J.M. Smucker Co., the maker of Folgers, finalized its sale of Cloverhill, Big Texas, and private-label products to JTM Foods in March. Some 400 employees are part of the transaction. Those brands in the baked goods category were under Hostess Brands, which was acquired in 2023. Unilever, the maker of Dove soap and Hellmann's mustard, is selling plant-based food brand The Vegetarian Butcher as part of its plans to slim its portfolio. It is in the process of spinning off its ice cream business, including Ben & Jerry's and Talenti; the company announced last year that it would cut 7,500 jobs to simplify operations. Newly appointed CEO Fernando Fernandez said he was focused on 'portfolio quality over portfolio scale' during his first earnings call as chief in April.

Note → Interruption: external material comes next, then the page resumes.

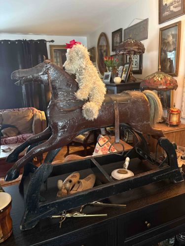 This is a large antique-style glider rocking horse, likely dating from the late 19th to early 20th century. The horse features a classic carved wooden body with a textured, gesso-applied finish painted in a dark mahogany brown tone. It is mounted on a sturdy black-painted wooden safety stand, specifically a 'glider' mechanism which uses iron swing arms to allow for back-and-forth movement without the footprint of traditional bow rockers. The horse retains several original or early period-correct features, including a leather saddle and bridle, stirrups, and a real horsehair tail in a blonde-grey hue. The anatomy is stylized yet detailed, with an open mouth and carved musculature. Notable condition issues include significant paint loss, cracking, and surface crazing across the body, which indicates considerable age and a heavy patina. There is visible wear on the leather components. The craftsmanship is substantial, suggesting a high-quality manufacturer from the Victorian era. Atop the horse sits a modern plush teddy bear with a red bow, which is not original to the piece.

Breakups Pay Up: Shedding misaligned businesses can help boost growth, according to PwC. The Big 4 accounting firm's analysis of US divestitures from 1998 to 2017 found that sellers tended to show higher growth in earnings before interest, taxes, depreciation, and amortization (Ebitda) in the years following a transaction. Record levels of US corporate cash and the dry powder sitting at private equity firms may also be inspiration enough for yard sales.
This post first appeared on The Daily Upside. To receive delivering razor sharp analysis and perspective on all things finance, economics, and markets, subscribe to our free The Daily Upside newsletter.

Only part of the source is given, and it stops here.